Now we’re cooking with gas… Nintendo gas!

The only issues left were the unknowns of supporting various devices. So, Google has this whole Cardboard concept, and each Cardboard viewer has a QR code on it with the Cardboard logo in the middle and by having the Cardboard SDK scan the QR code (and the code to do this comes with the SDK), the viewer in the app adapts to what the viewer is expecting. The problem with this is I’m left not knowing for certain if the separation I’ve chosen between the left and right screens works universally, and it’s beyond the scope of my project to go out and test a hundred viewers, so my compromise is to add a Settings screen to the app to configure the distance. The default is still 60 but you can dial it in differently if you’d like.
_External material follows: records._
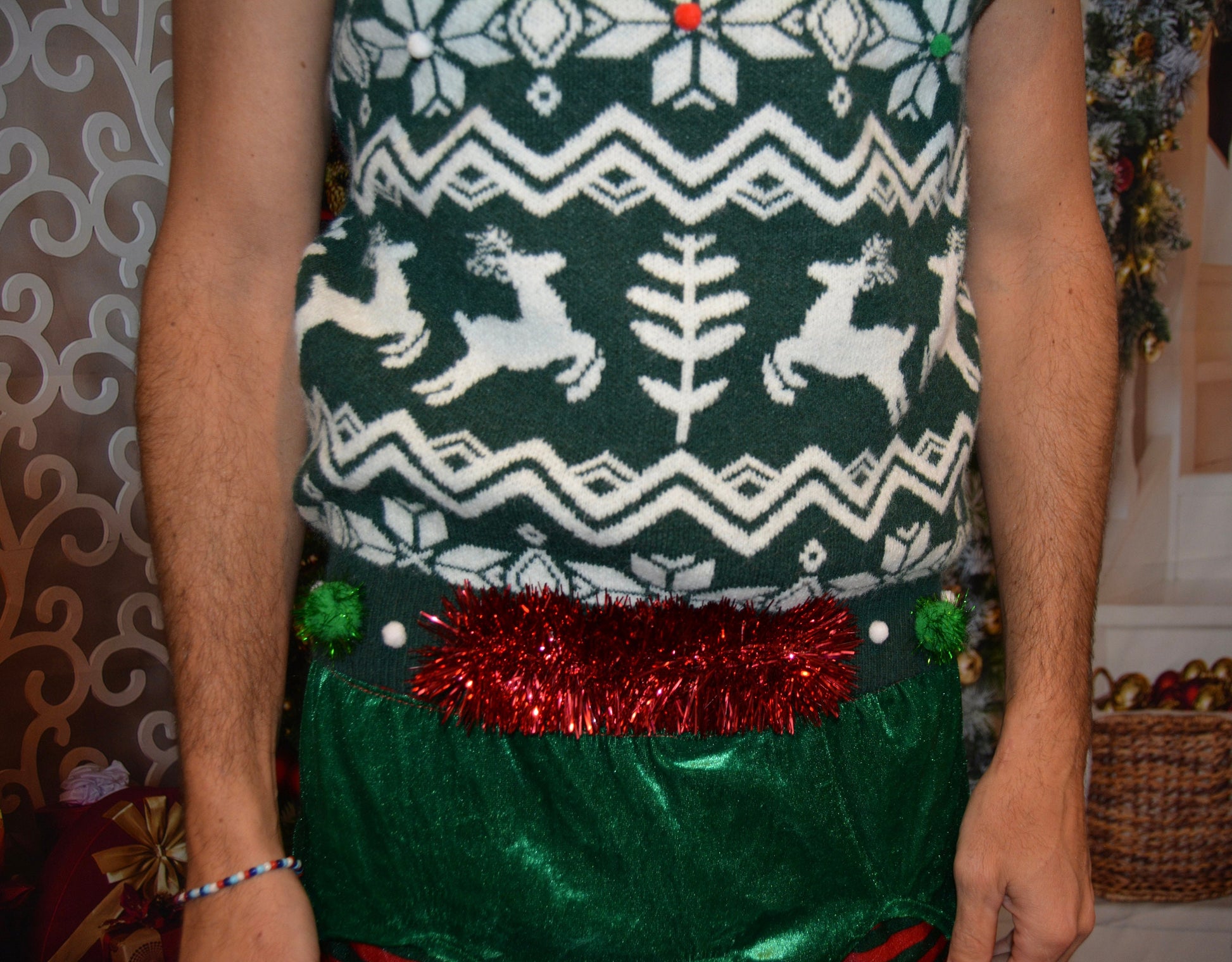 Check out this totally unique Ugly sweater! It is a soft green vest with a fun reindeer hand puppet!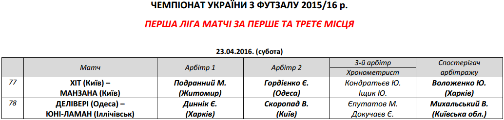 Комітет арбітражу АФУ призначив арбітрів та спостерігачів арбітражу, які будуть працювати на матчах-відповідях 1/2-ої фіналу Екстра-ліги, золотому фіналі Першой ліги та матчі за бронзу Першої ліги:
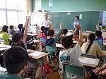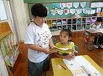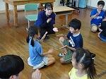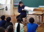 1~4年生には、「大きさくらべ」や「ありとスイカ」の本の読み聞かせや「あんたがたどこさ」の手遊びなどを教えてくださいました。お話も楽しく子どもたちは集中して聞いていました。手遊びは「歌を知らない」といいながらも、手拍子をしながら「さ」の部分で右の手のひらで相手の左の手のひらをたたくルール通りに、リズムよく楽しんでいました。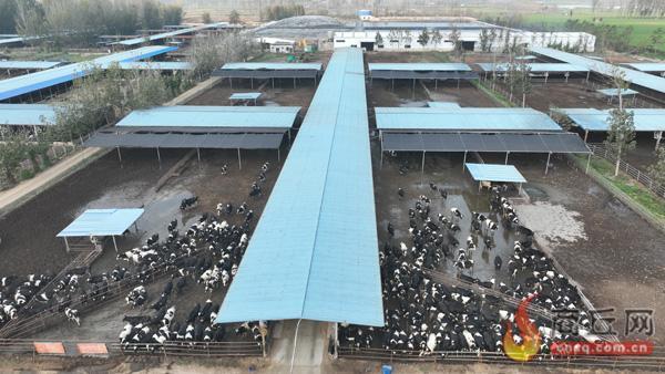 11月20日,航拍的位于虞城县田庙乡的科迪智慧牧场。该牧场总占地面积1132亩,是集奶牛养殖、技术研发、乳品加工销售、饲草种植、饲料生产、有机肥生产、休闲观光旅游于一体的现代化奶牛养殖牧场。目前,牧场一期工程1-6号棚已基本建成,二期全部建成后,高标准牛舍将达到12万平方米,畜位1.2万个。记者 邢 栋 摄
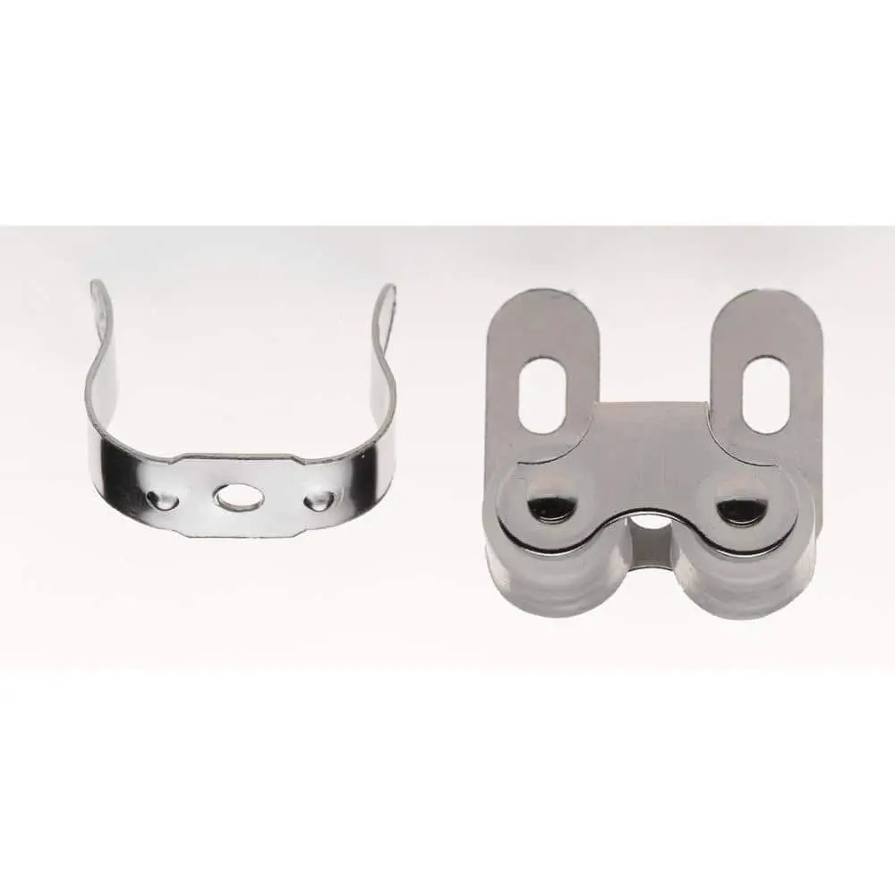 This nickel-plated latch with a C-clip catch is ideal for furniture and vanity doors. Featuring two nylon rollers, it quietly catches the door, preventing noisy banging. Installation is simple with the included screws for easy screw-on mounting.

Another issue was the scaling of the screens themselves. By default it goes to the scale of the phone screen, so @2x for smaller Retina devices and @3x for larger devices, but I did a quick spot check in the iPhone SE emulator, the @2x size is too large for that screen, the images get cut off when running @2x but that’s the native scale of the device. I was going to blow it off but in the recent wake of the news that Apple is discontinuing the SE and not making an SE2 that we know of, the number of die hard SE users became apparent to me and so I made the screen scale be configurable in quarter-size increments (so, 1x, 1.25x, 1.5x, 1.75x, 2x, etc.) and it lets you know which scale is native for your device.
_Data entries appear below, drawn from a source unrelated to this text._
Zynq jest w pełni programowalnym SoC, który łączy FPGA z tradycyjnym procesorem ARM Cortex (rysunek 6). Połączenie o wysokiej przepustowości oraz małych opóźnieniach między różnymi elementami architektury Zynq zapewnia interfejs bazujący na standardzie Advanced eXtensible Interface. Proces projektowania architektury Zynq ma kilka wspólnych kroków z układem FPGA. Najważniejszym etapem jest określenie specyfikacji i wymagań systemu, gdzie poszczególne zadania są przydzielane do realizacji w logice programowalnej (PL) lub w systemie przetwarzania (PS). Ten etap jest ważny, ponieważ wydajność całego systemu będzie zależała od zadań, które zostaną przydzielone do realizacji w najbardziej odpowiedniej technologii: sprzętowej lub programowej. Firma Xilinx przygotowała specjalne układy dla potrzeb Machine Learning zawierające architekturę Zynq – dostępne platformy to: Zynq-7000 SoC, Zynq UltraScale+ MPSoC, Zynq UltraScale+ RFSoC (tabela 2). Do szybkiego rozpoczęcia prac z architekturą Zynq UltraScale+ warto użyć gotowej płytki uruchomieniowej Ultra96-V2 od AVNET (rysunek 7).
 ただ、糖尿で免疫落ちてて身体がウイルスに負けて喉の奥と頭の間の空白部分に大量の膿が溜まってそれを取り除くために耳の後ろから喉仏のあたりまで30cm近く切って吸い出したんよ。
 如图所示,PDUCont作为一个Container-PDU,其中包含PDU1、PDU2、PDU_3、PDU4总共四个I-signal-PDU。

So all that was left was to make a slick icon and interface

I figured might as well make it look like it would in-game

 

So, when I did the Wolfenstein 3-D and DOOM port updates, I was updating an existing product whose developer decided to surround the OpenGL game engine with CocoaTouch-powered menus. When I did the Quake and Quake III: Arena ports, I decided to do something similar – namely, postulate: if id Software had ported these themselves, this is what the CocoaTouch-powered menus and interface might look like. Well, I’ve done something similar to the game selection interface for this app – namely, if Nintendo had for some reason decided to release an app that was a compilation of all the Virtual Boy games, this is what it might look like. People begged them for years to make some sort of compilation for the 3DS like this, at least of the Nintendo games (they might have issues with third party games, and they’d definitely have issues with the Waterworld game) but they never did (though the mentioning of “we’ve done 3D before!” references to the Virtual Boy in the run-up to the 3DS was the first time they acknowledged the thing in years).
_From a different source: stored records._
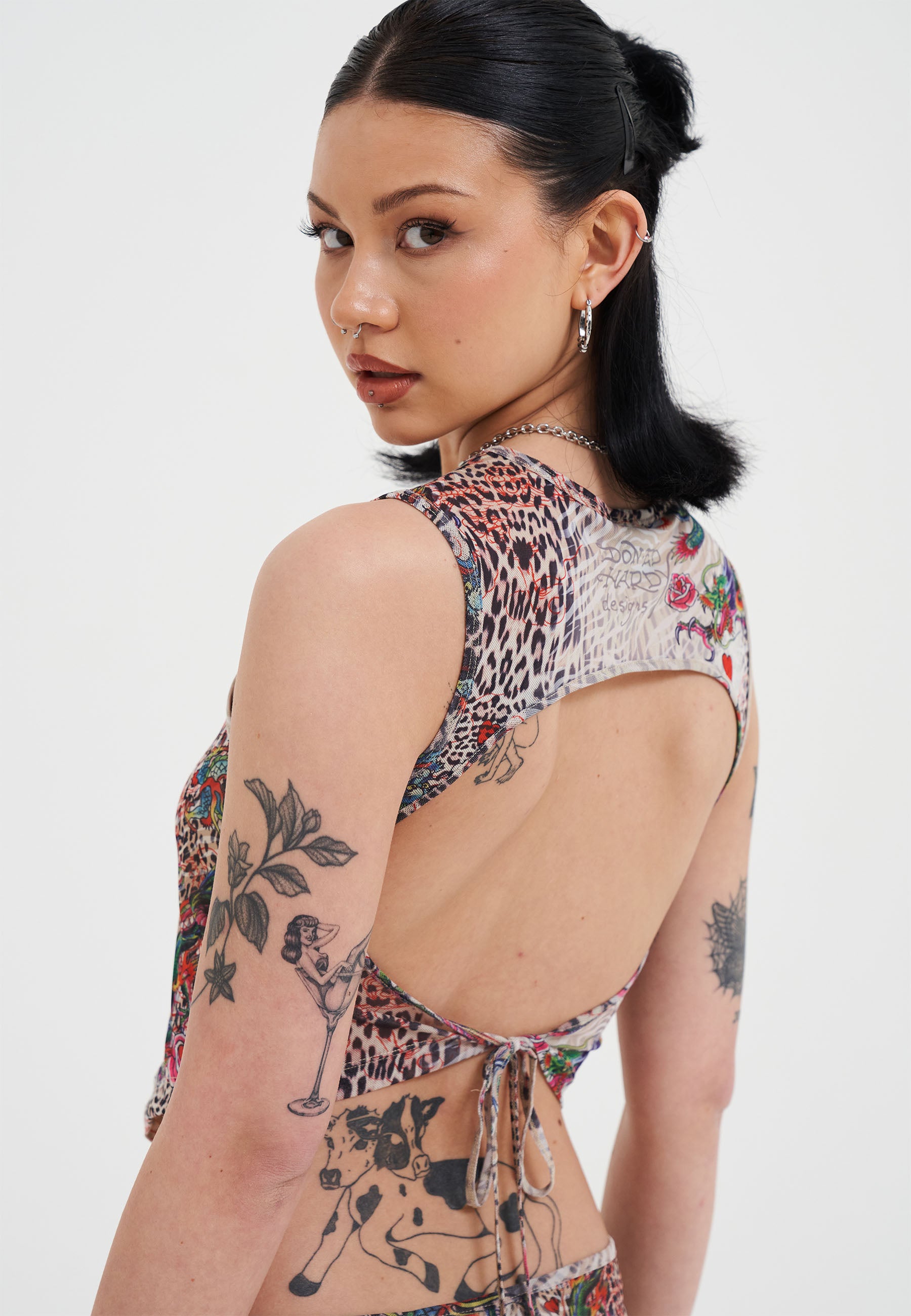 - DRAGON PRINT AND LEOPARD TATTOO GRAPHIC
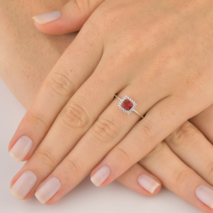 Anel Kate pedra Ruby quadrada cravejada ao redor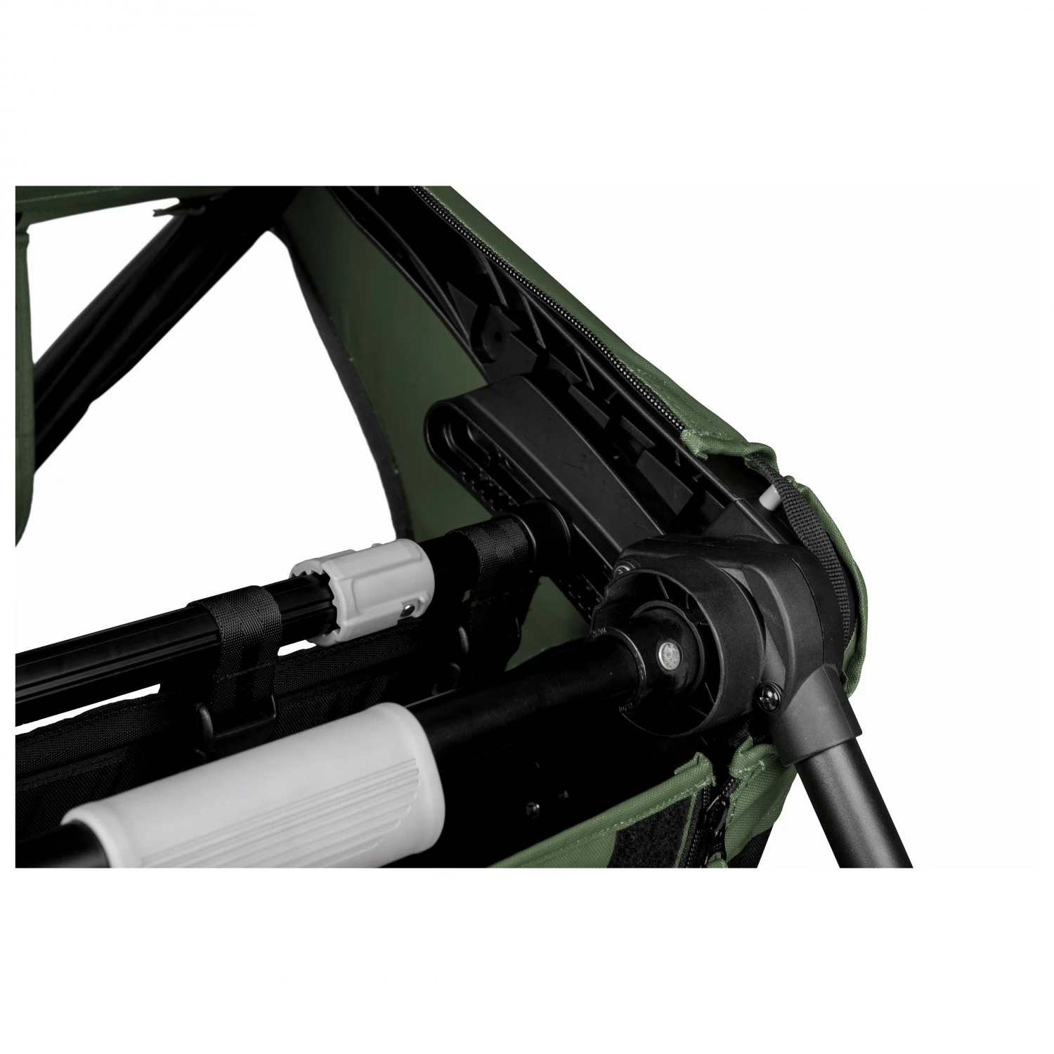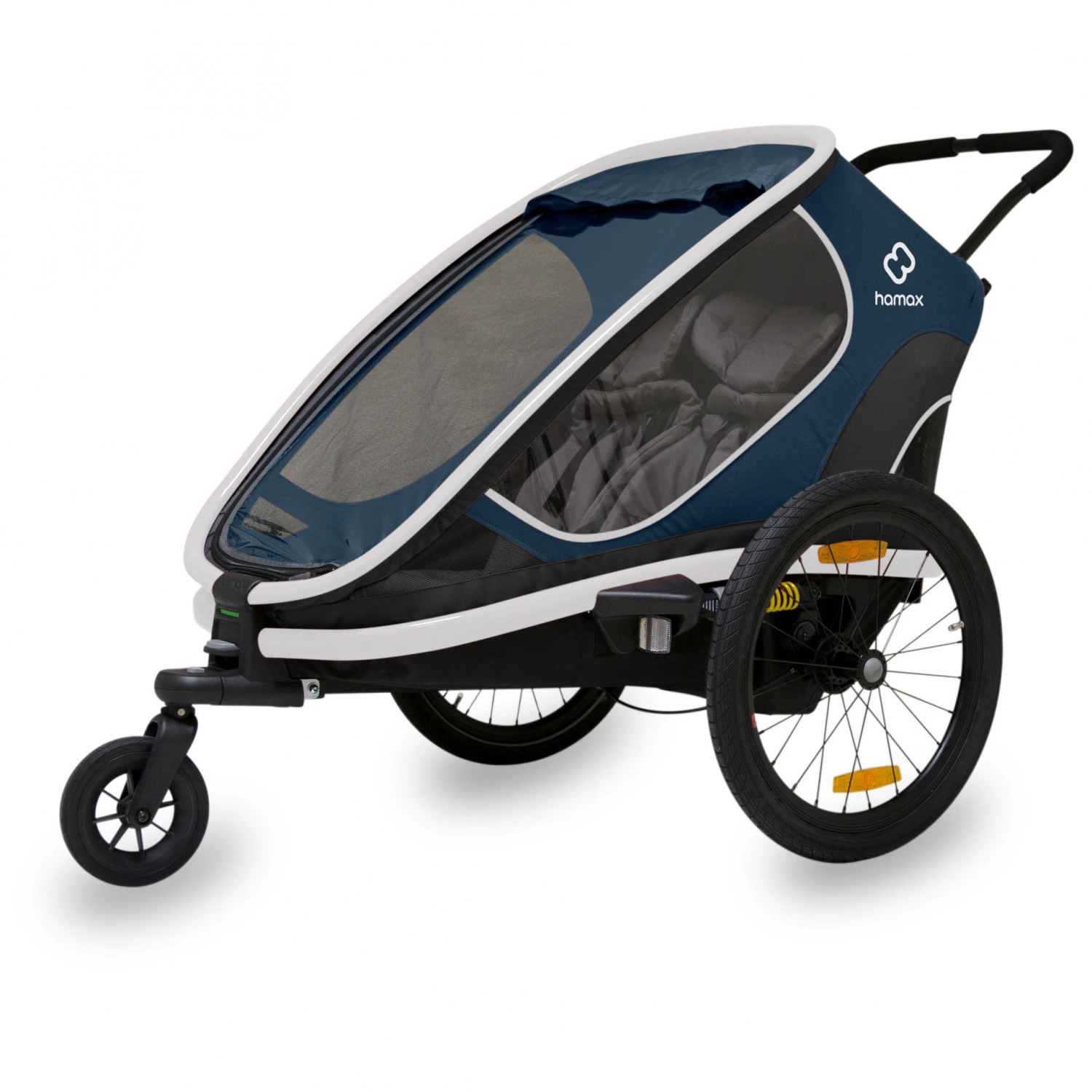 The Outback from Hamax is an excellent bike trailer for everyday use, leisure and trips with the whole family. Whether you use it as a bike trailer behind your bike or as a pushchair, your child will stay safe thanks to the spacious design and the aluminium frame. The bike trailer is equipped with the Safe Connection Point in the front, which lets you safely and quickly change between the bicycle arm, pushchair wheel, jogger wheel and skiing towbar. The buggy equipment and the bicycle arm are included in the delivery.

For the header and the “Settings” text, I used this font from someone on PlanetVB that pretty much recreates the Virtual Boy logo’s font. I have the ROM images and cover art images in their respective directories. I have the list of possible games as a hardcoded tuple array within the app itself. Really it should come from a plist or a JSON file or something but for now this works. It’s using the filenames from GoodVBoy (the Virtual Boy version of a series of utilities that renames ROM images based off of checksums) with cover art JPGs to match, mostly. I was going to include these in the Assets.xcassets file but when you source JPEG files from all over the Internet, you sometimes wind up with weird crap that chokes Xcode, but runs fine on the iPhone itself. I’d love to not only power it off of JSON but also make it into more of an informative museum, but for a 1.0 release this works.

It’s not perfect – namely there’s no way to change games from within the VR visor itself. You have to load up the game, then pop it into the visor, and if you want to try a different game you have to have to take the phone out of the visor. To make it be able to select things from within the visor I’d need to have it render some sort of native GL menu system and I’m not sure how long that would take.

Also up until now when I’ve done one of these ports I’ve maintained two GitHub repositories – one private and one public. The public ones just have the first finished code drop so that you don’t get to see my mistakes and flailing. This time I’m just doing the one, so if you’re curious what all crap I tried it’s there to see but really it’s not that interesting probably.